Laura se leva et se dirigea vers le centre de la salle. Guillaume la regardait toujours lorsque miss Weymar, à l’affût, se précipita sur elle, un verre à la main et, malencontreusement pour certains, fait exprès pour elle, bouscula la jeune fille. Un liquide rouge se répandit sur la toilette de Laura. Guillaume plissa les yeux mais resta assis. Miss Weymar se confondit en excuses mais Laura n’était pas dupe.

– Décidément, ni vocabulaire ni manière. Rappelez-moi donc qui vous êtes ? lui murmura t-elle dans un sourire exagérément grand.

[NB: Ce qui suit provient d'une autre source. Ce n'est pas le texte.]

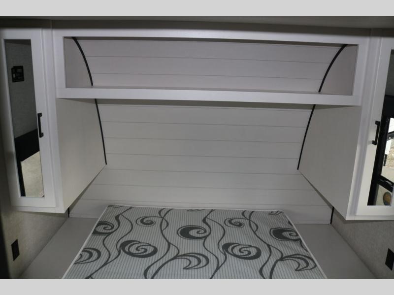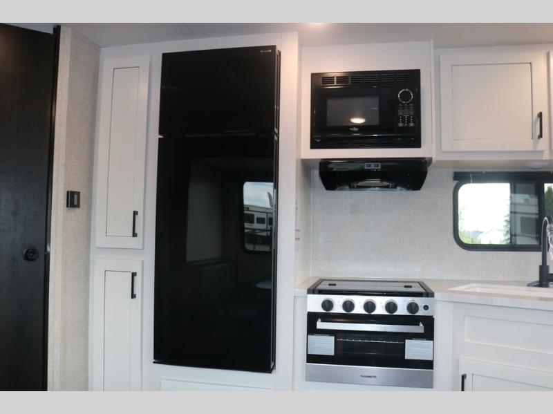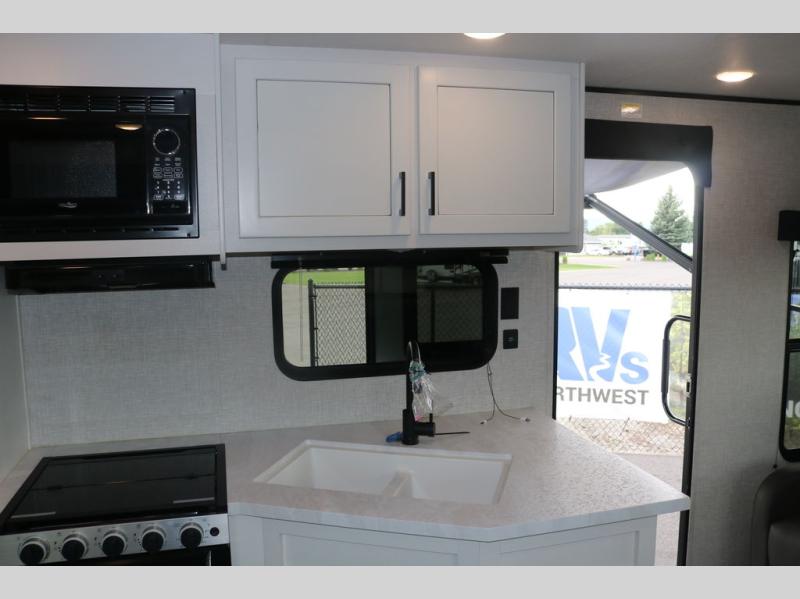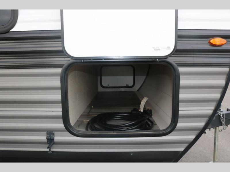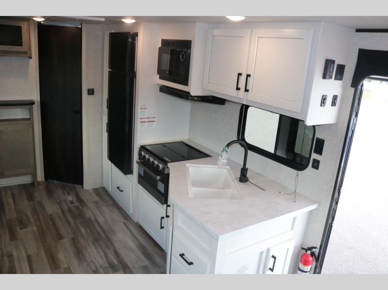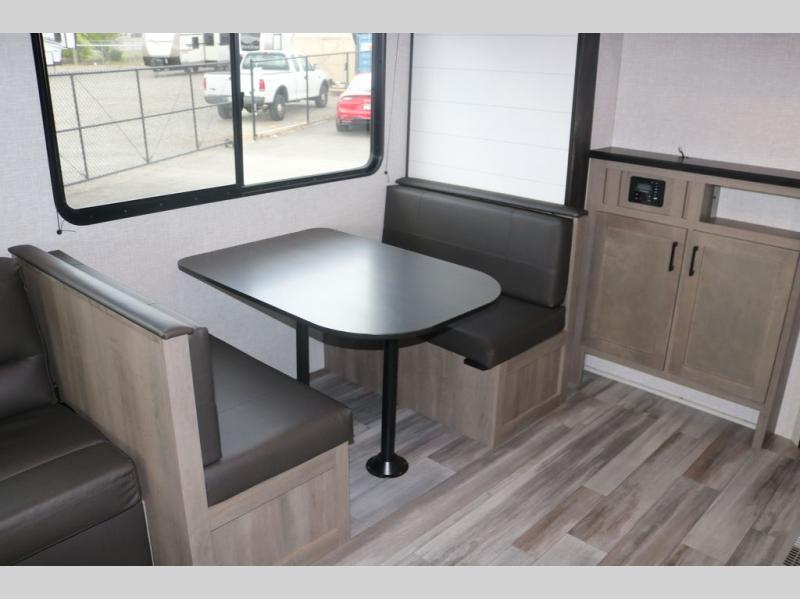You can comfortably sleep up to six people in this trailer thanks to the RV queen bed in the front bedroom, plus the booth dinette and jack-knife sofa in the main living area! The chef of your crew will have a three burner cooktop and microwave oven to prepare meals, and everyone can store their favorite drinks in the 8 cu. ft. 12V refrigerator. The walk-through bath is spacious and includes a radius shower, toilet, a sink, and linen closet and is the full width of the unit. The outside storage will let you bring along camp chairs and games, fishing poles and more, plus the 18' power awning with LED lights will create a nice place to gather in the evenings!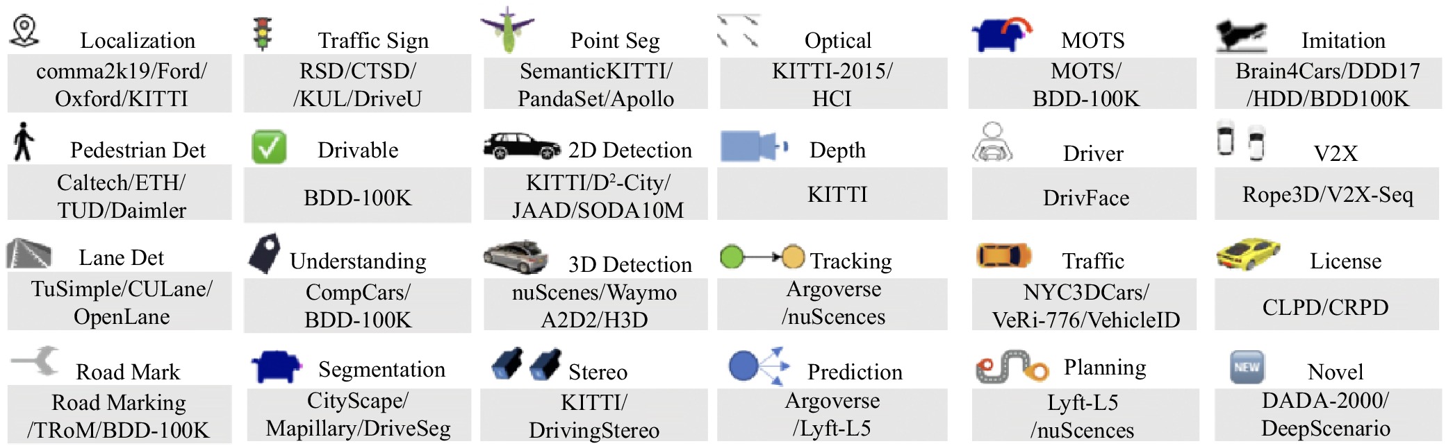• Data-driven autonomous driving is a hot topic in academic and industry research due to its impressive performance, flexible mobility, and reduced human intervention. However, the development of this technology relies heavily on large datasets that contain accurately annotated data, obtained through artificial or semi-automated strategies. Consequently, datasets play a crucial role in autonomous driving, and their characteristics significantly impact the effectiveness of algorithms. Currently, there are several diverse datasets available, such as KITTI and CityScape, that cover various tasks. However, researchers often overlook the unique features, similarities, and specificities of these datasets. Furthermore, to the best of our knowledge, there is a lack of survey articles focusing on special metrics and benchmark performance on different datasets in autonomous driving. Therefore, the purpose of this article is to analyze autonomous driving datasets, guide researchers on collecting and utilizing relevant datasets, summarize evaluation strategies, analyze benchmark performance, and provide future research points to enrich the autonomous driving community. We believe that this work will assist researchers in evaluating their data using suitable metrics and offer a fresh perspective on autonomous driving.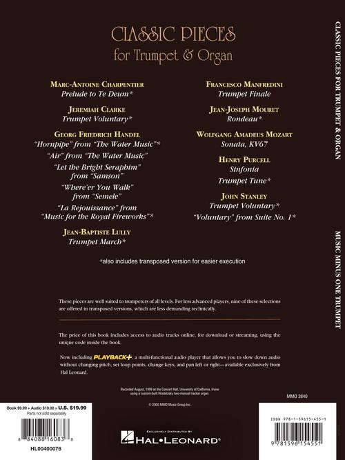 Classic Pieces for Trumpet & OrganBook/Online AudioPublisher: Music Minus OneCategory: Solo InstrumentalSeries: Music Minus OneFormat: Softcover Audio OnlinePerformed by Alfred Lang, trumpet Accompaniment: Audrey Jacobsen A stupendous collection of 17th- and 18th-century pieces for trumpet and...Regular price $27.99 -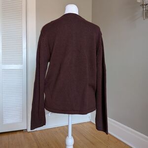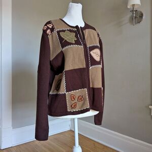 Vintage 1990s Joan Leslie knit cardigan sweater. Shades of brown with Autumn/fall leaves embellishment. Zip front. Tight knit. Unlined. Sweater is in good condition with light wear.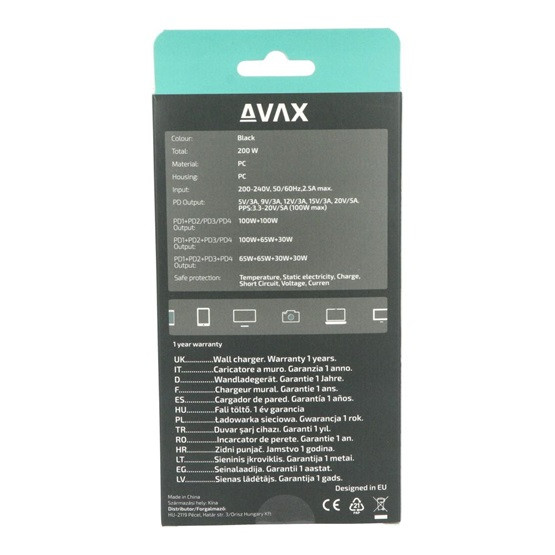- Teljesítmény a maximumon: A töltő teljes töltési kapacitása 200W, amely lehetővé teszi több eszköz gyors és hatékony töltését egyszerre legyen az Laptop, Tablet, Telefon vagy bármilyen okoseszköz, akár egyszerre is.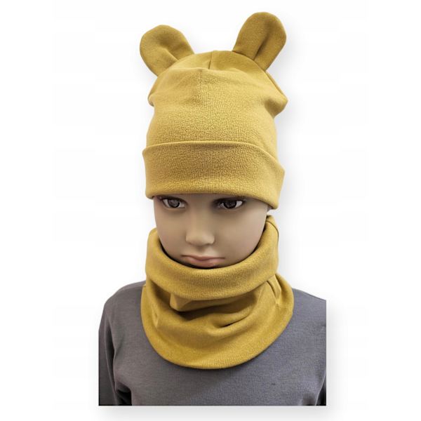 Set med hätta och halsduk för barn med öron storlek 52-56 Ocker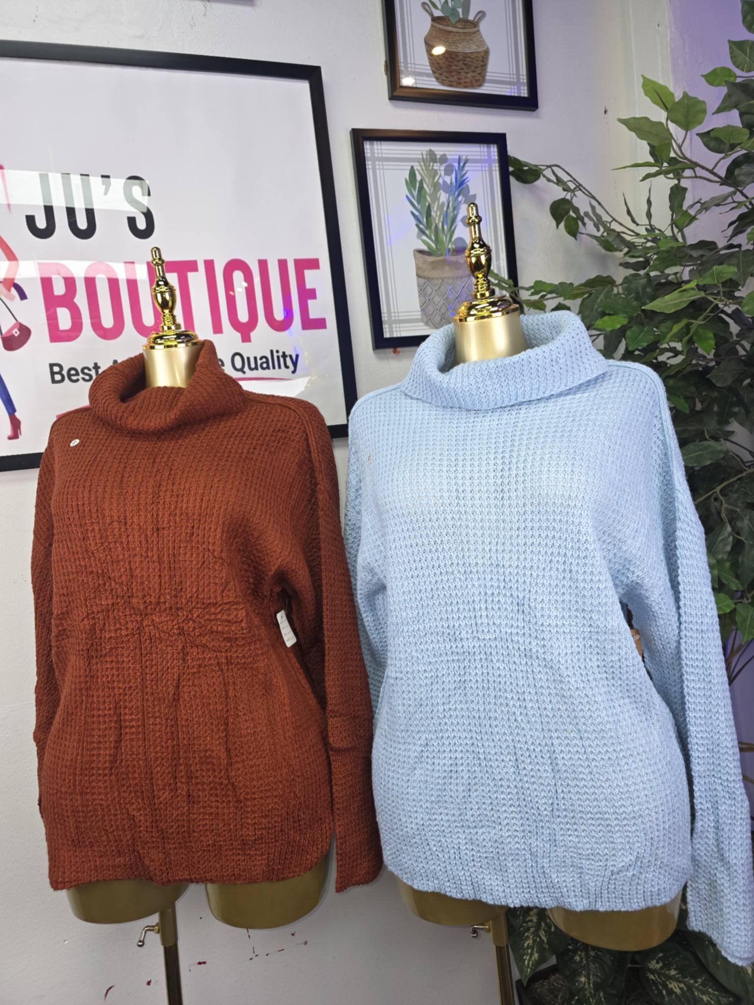 Snuggle up in the Fireside Cowl-Neck Knit Sweater, your new go-to piece for cozy, textured style. This sweater boasts a substantial, yet soft, knit featuring a chunky waffle pattern that locks in warmth. The generously sized cowl-neck drapes beautifully and can be adjusted for maximum comfort and style. Its relaxed, boxy fit makes it perfect for layering over lighter tops.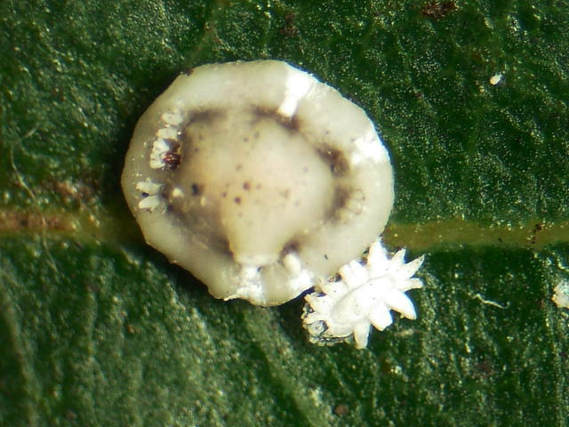 カメノコロウムシ成虫(体長2.8mm)と幼虫(体長1mm)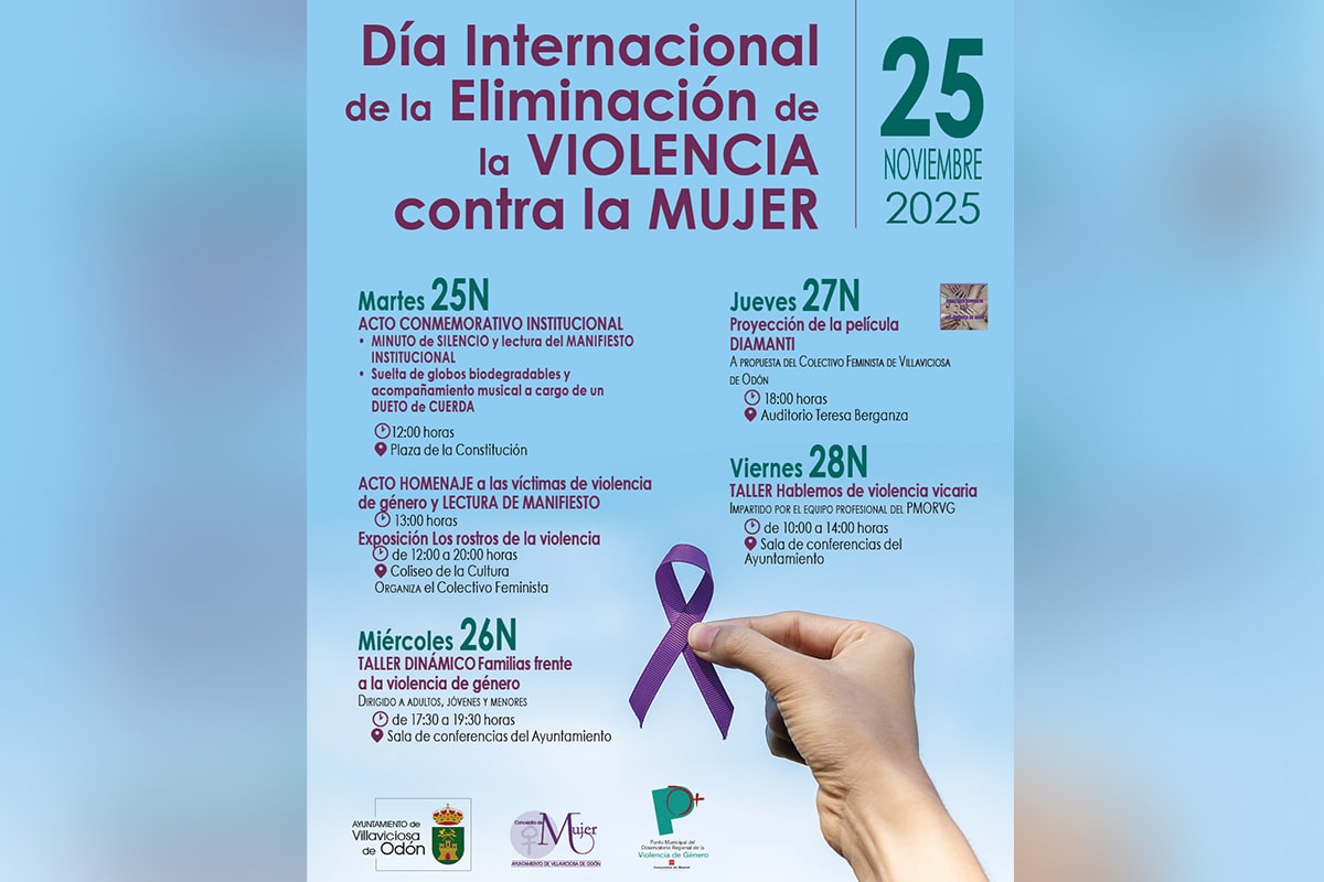 Villaviciosa de Odón programa múltiples actividades con motivo de la celebración del Día Internacional para la Eliminación de la Violencia contra las Mujeres, que tendrá lugar el próximo 25 de noviembre. Están organizadas por la concejalía de la Mujer, en colaboración con el Punto Municipal Observatorio Regional de Violencia de Género, el Colectivo Feminista de Villaviciosa de Odón y el Consejo Sectorial de la Mujer.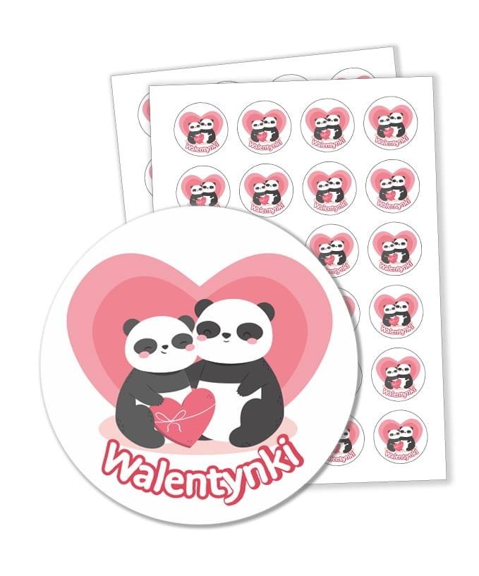 Duży zestaw 48 naklejek walentynkowych ze słodkimi pandami idealne jako ozdoba do Walentynek.

Laura leva les yeux et croisa le regard de Vinsley. Il la fixait comme il la fixait toujours : d’une manière profonde, tendre et intense. Elle baissa les yeux la première. Mme Fainmore se lança au secours de sa fille et l’entraîna sur les côtés. Elle essaya de limiter les dégâts en dissimulant la tâche sous un amas de fleurs blanches dont la longue tige partait de l’épaule et descendait jusque sous ses reins où Mme Fainmore la noua. Le résultat fut remarquable. Ce long tracé de fleurs apportait une note originale à la tenue. Bon nombre de dames complimentèrent Mme Fainmore pour son ingéniosité. Laissée seule tandis que sa mère continuait à recevoir des louanges, Laura souffla. Elle était excédée. Mais qu’était-elle venue faire en cet endroit ? Soudain la tige se décrocha. Avec difficulté, elle essaya de la retrouver sur son épaule mais n’y réussit point. Elle n’avait pas du tout envie de traverser la foule pour rejoindre sa mère qui en était encore à conserver un semblant de modestie devant les dames qui la complimentaient encore et toujours pour sa merveilleuse présence d’esprit et son doigté extraordinaire. Cela dit, la vision de la tige déboutonnée mettrait un terme à leurs louanges. Mieux valait se débrouiller seule. Elle s’acharna sur la tige qu’elle tenta de serrer sur la bretelle, sans succès. Elle paraissait obéir aux ordres de l’élastique de derrière qui la rejetait sur son dos. C’est à ce moment là qu’elle entendit :

– Permettez-moi.

Guillaume lui prit la tige et la ramena sur la bretelle de sa robe. Doucement, il parvint à la fixer dans sa position initiale. Laura contempla les mains de Guillaume dont les doigts effleuraient sa peau. Ce contact la fit tressaillir. Elle observa alors le comte qui maintenait ses yeux sur le travail qu’il exécutait. Alors qu’il allait terminer, leur regard se rencontrèrent. Celui du comte était empreint de gravité, presque féroce. Combien de fois avait-il effleuré sa peau ? Combien de temps pouvait-il encore attendre avant de réclamer une pression plus caressante ? Laura baissa de nouveau les yeux la première, subitement intimidée. Combien de fois s’était-elle sentie prête à s’élancer sur le chemin que ses yeux noirs semblaient lui proposer ? Pourquoi exerçait-il une si forte attraction ? Elle préférait au début qu’il se taise car à chaque fois qu’il parlait c’était pour la mettre de mauvaise humeur. Mais elle dut s’avouer que le silence était d’une nature trop intime finalement. Il avait ce don de la tétaniser dès qu’il la fixait de ses yeux noirs. Elle devait se reprendre et arrêter de se sentir à la merci de cet homme par un simple regard déstabilisant. Elle le remercia donc rapidement et s’en retourna. Guillaume resta un long moment dans la même position, les bras ballants et le souffle court.